=== Directions ===
Omit all images, then repeat exactly the lines below from the one containing "3. 武将练兵:消耗练兵符合银两对武将所带兵种进行属性加成" through the one containing "60×58 cms |", both ends included.

=== Input data ===
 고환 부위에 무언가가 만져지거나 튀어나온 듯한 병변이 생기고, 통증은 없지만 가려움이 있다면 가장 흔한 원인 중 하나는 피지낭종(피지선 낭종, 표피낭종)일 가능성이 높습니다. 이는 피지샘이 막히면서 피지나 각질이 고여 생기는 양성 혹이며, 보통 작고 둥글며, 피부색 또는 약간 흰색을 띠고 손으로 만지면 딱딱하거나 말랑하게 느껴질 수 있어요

==

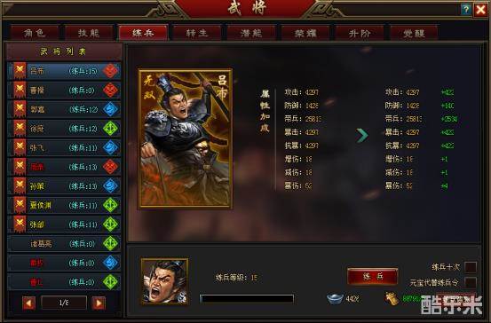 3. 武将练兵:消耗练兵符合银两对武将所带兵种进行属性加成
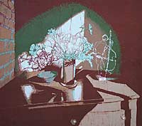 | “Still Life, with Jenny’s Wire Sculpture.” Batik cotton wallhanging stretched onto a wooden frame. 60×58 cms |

=== Answer box ===
 3. 武将练兵:消耗练兵符合银两对武将所带兵种进行属性加成
 | “Still Life, with Jenny’s Wire Sculpture.” Batik cotton wallhanging stretched onto a wooden frame. 60×58 cms |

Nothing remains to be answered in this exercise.